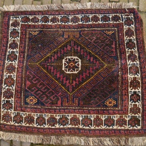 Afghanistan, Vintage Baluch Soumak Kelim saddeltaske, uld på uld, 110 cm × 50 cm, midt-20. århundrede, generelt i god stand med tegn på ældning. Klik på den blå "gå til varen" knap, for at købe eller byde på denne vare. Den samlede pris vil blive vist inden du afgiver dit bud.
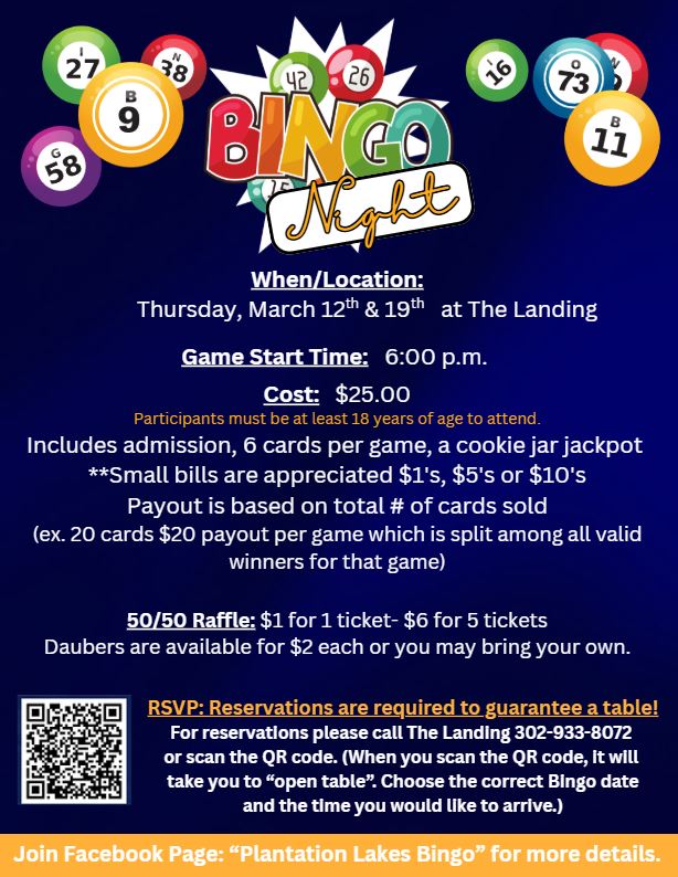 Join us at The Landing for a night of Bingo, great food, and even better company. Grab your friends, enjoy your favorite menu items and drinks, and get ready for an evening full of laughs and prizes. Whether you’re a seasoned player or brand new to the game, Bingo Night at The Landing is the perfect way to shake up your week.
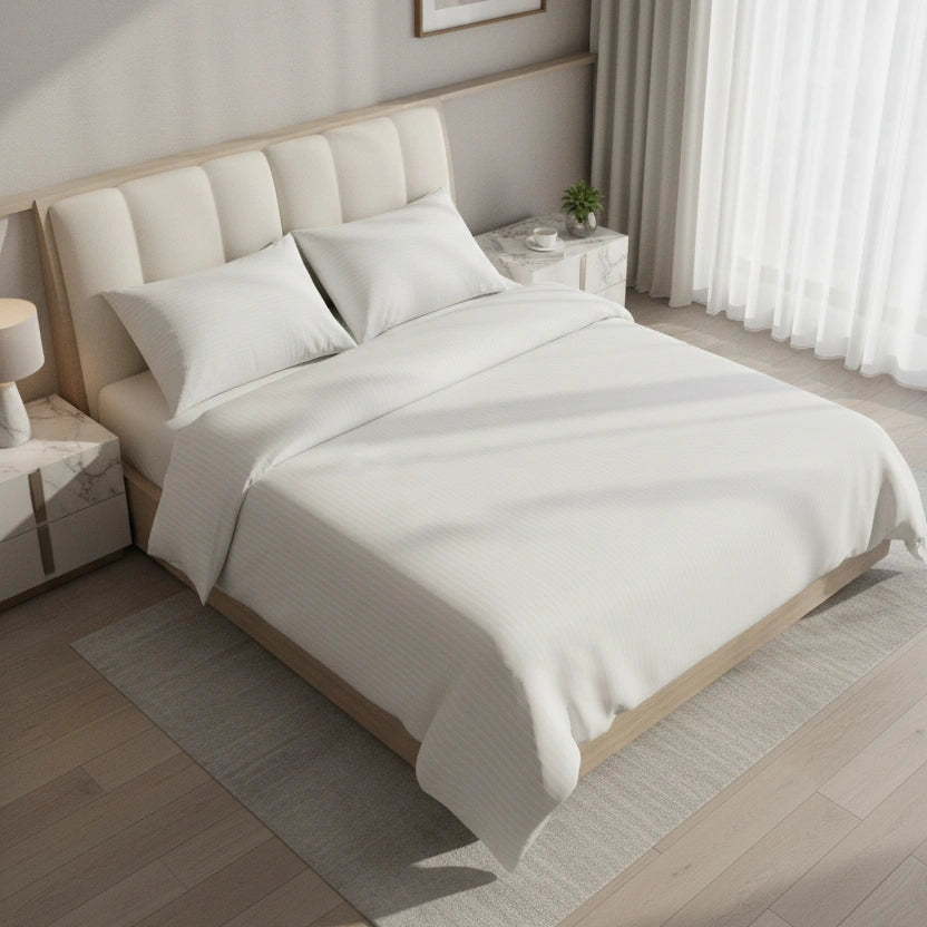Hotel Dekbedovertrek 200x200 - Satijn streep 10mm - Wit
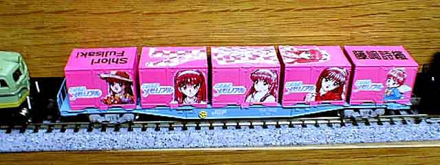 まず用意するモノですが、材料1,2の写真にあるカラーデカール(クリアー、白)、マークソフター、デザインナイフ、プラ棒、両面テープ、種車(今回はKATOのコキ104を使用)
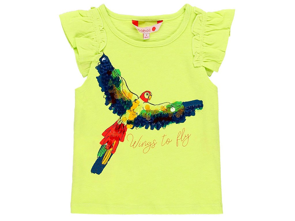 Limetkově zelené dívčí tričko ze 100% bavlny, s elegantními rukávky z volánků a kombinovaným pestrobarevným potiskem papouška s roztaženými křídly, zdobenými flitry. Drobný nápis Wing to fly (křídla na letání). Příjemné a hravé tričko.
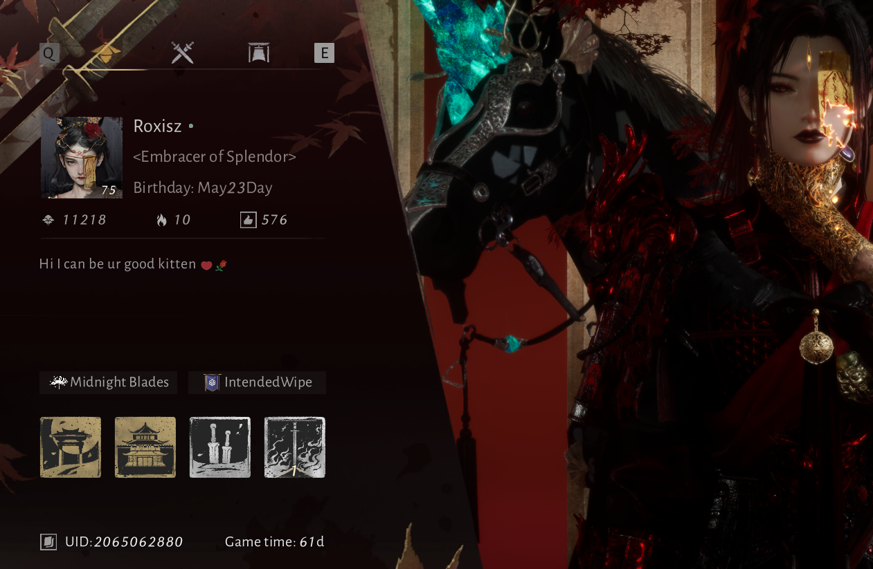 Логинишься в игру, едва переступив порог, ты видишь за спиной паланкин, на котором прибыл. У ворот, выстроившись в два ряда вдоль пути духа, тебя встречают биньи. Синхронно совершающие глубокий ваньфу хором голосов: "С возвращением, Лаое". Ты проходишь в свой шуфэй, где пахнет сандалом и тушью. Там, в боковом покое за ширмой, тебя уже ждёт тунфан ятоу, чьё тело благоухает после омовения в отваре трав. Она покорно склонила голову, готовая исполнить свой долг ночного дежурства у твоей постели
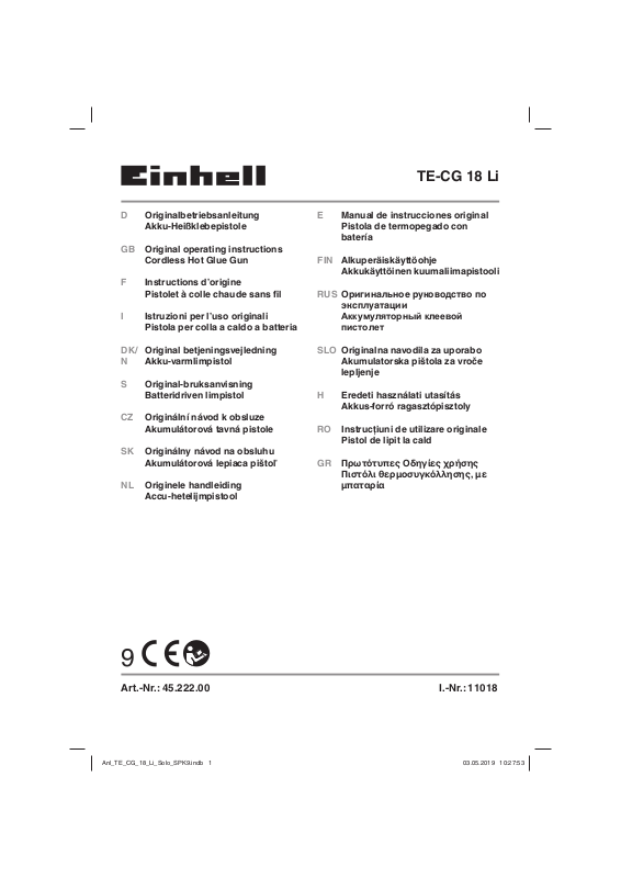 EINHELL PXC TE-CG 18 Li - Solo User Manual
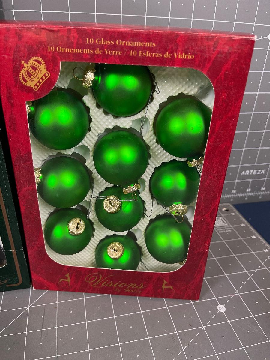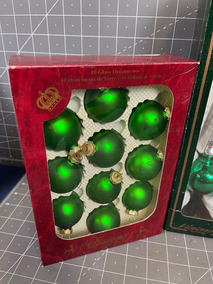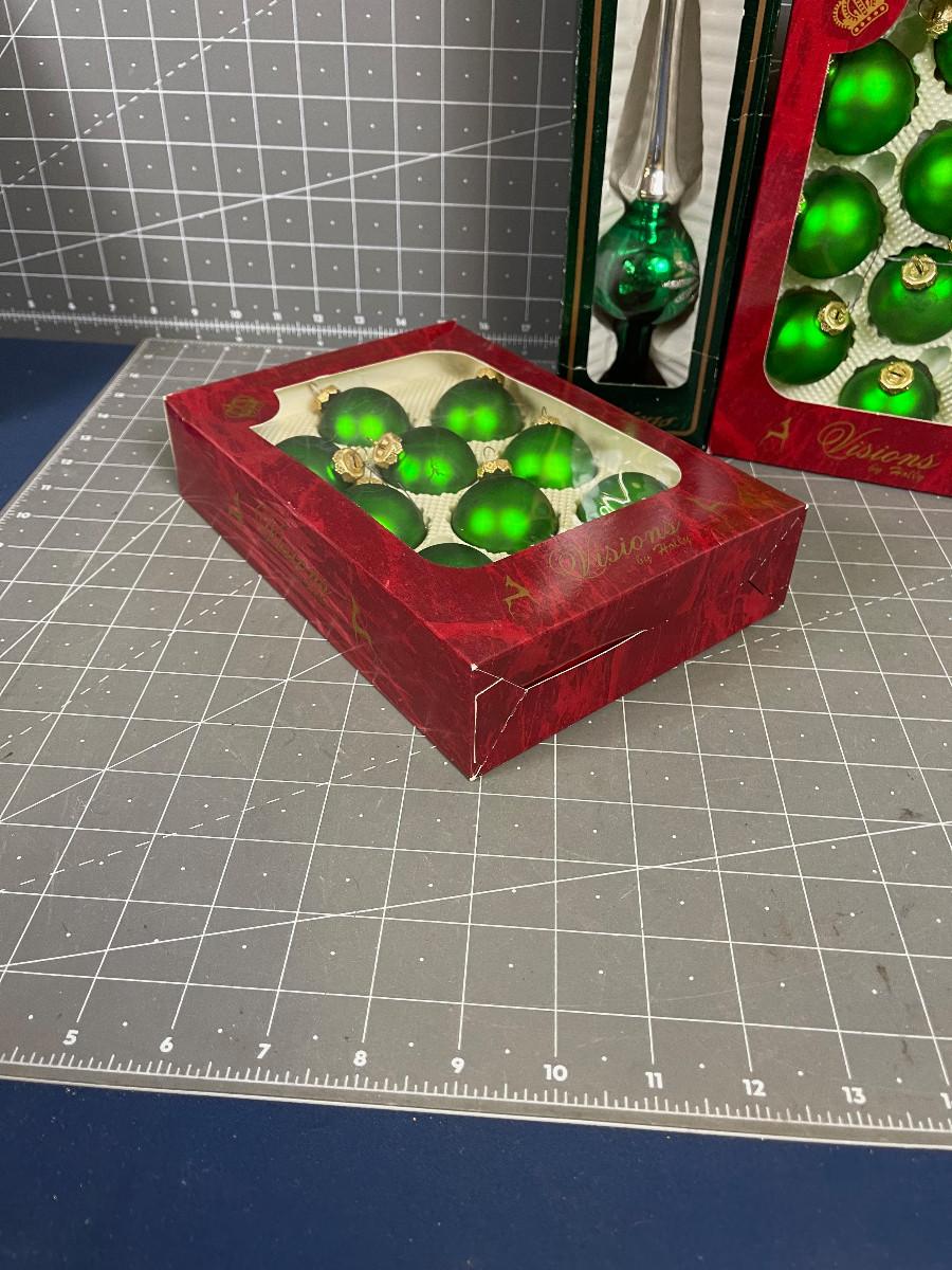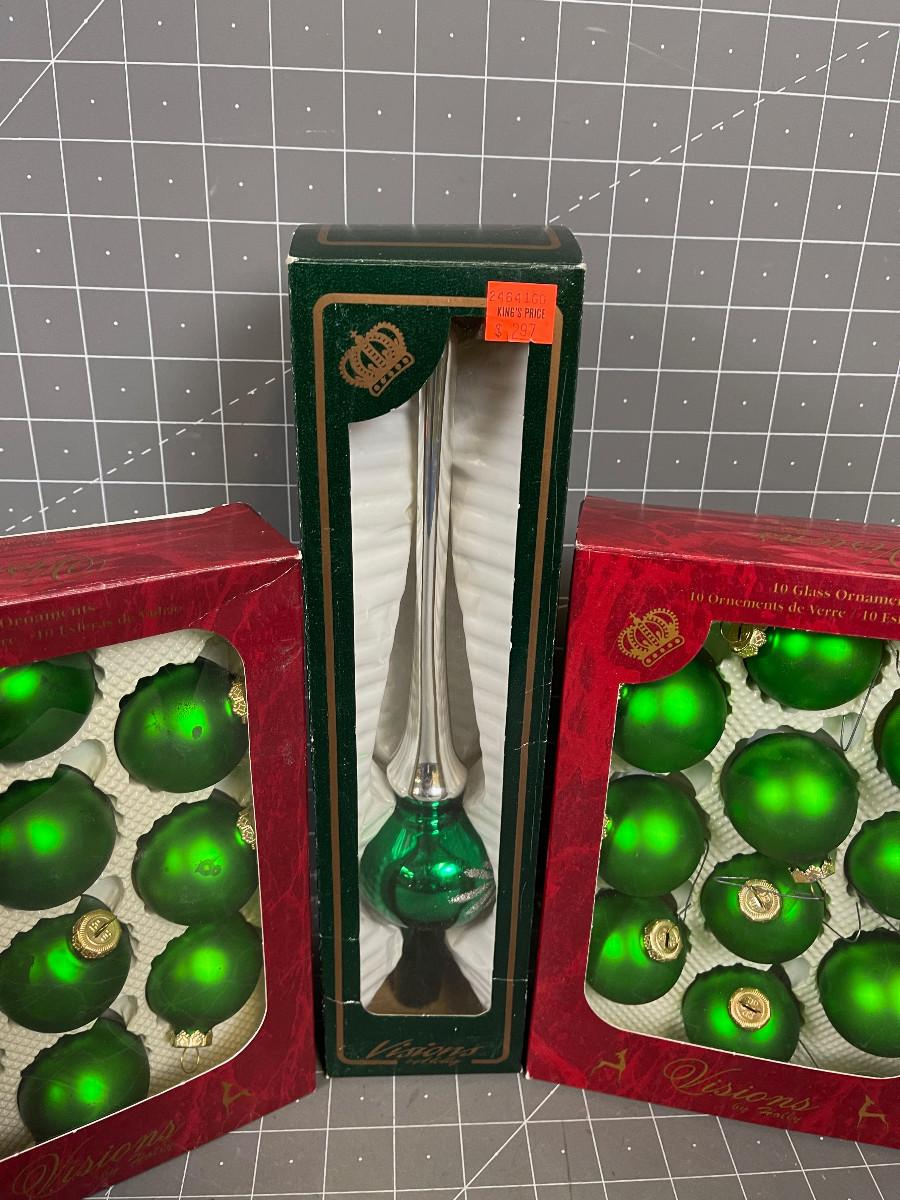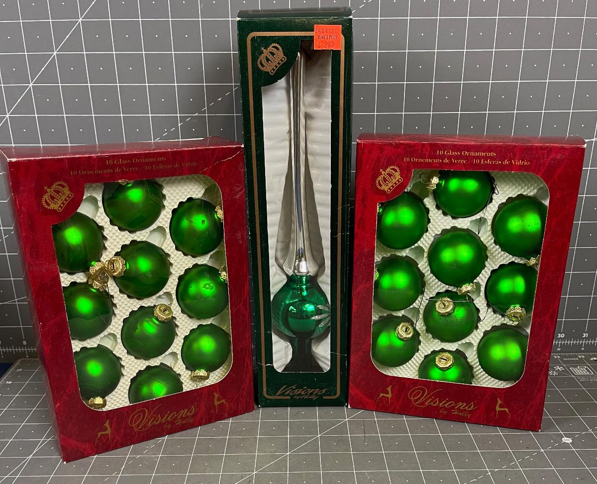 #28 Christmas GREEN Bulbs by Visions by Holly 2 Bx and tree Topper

● **PROBLEM**:
I need the entries printed exactly, with each picture left out.

● **TASK ANSWER**:
 Afghanistan, Vintage Baluch Soumak Kelim saddeltaske, uld på uld, 110 cm × 50 cm, midt-20. århundrede, generelt i god stand med tegn på ældning. Klik på den blå "gå til varen" knap, for at købe eller byde på denne vare. Den samlede pris vil blive vist inden du afgiver dit bud.
 Join us at The Landing for a night of Bingo, great food, and even better company. Grab your friends, enjoy your favorite menu items and drinks, and get ready for an evening full of laughs and prizes. Whether you’re a seasoned player or brand new to the game, Bingo Night at The Landing is the perfect way to shake up your week.
Hotel Dekbedovertrek 200x200 - Satijn streep 10mm - Wit
 まず用意するモノですが、材料1,2の写真にあるカラーデカール(クリアー、白)、マークソフター、デザインナイフ、プラ棒、両面テープ、種車(今回はKATOのコキ104を使用)
 Limetkově zelené dívčí tričko ze 100% bavlny, s elegantními rukávky z volánků a kombinovaným pestrobarevným potiskem papouška s roztaženými křídly, zdobenými flitry. Drobný nápis Wing to fly (křídla na letání). Příjemné a hravé tričko.
 Логинишься в игру, едва переступив порог, ты видишь за спиной паланкин, на котором прибыл. У ворот, выстроившись в два ряда вдоль пути духа, тебя встречают биньи. Синхронно совершающие глубокий ваньфу хором голосов: "С возвращением, Лаое". Ты проходишь в свой шуфэй, где пахнет сандалом и тушью. Там, в боковом покое за ширмой, тебя уже ждёт тунфан ятоу, чьё тело благоухает после омовения в отваре трав. Она покорно склонила голову, готовая исполнить свой долг ночного дежурства у твоей постели
 EINHELL PXC TE-CG 18 Li - Solo User Manual
 #28 Christmas GREEN Bulbs by Visions by Holly 2 Bx and tree Topper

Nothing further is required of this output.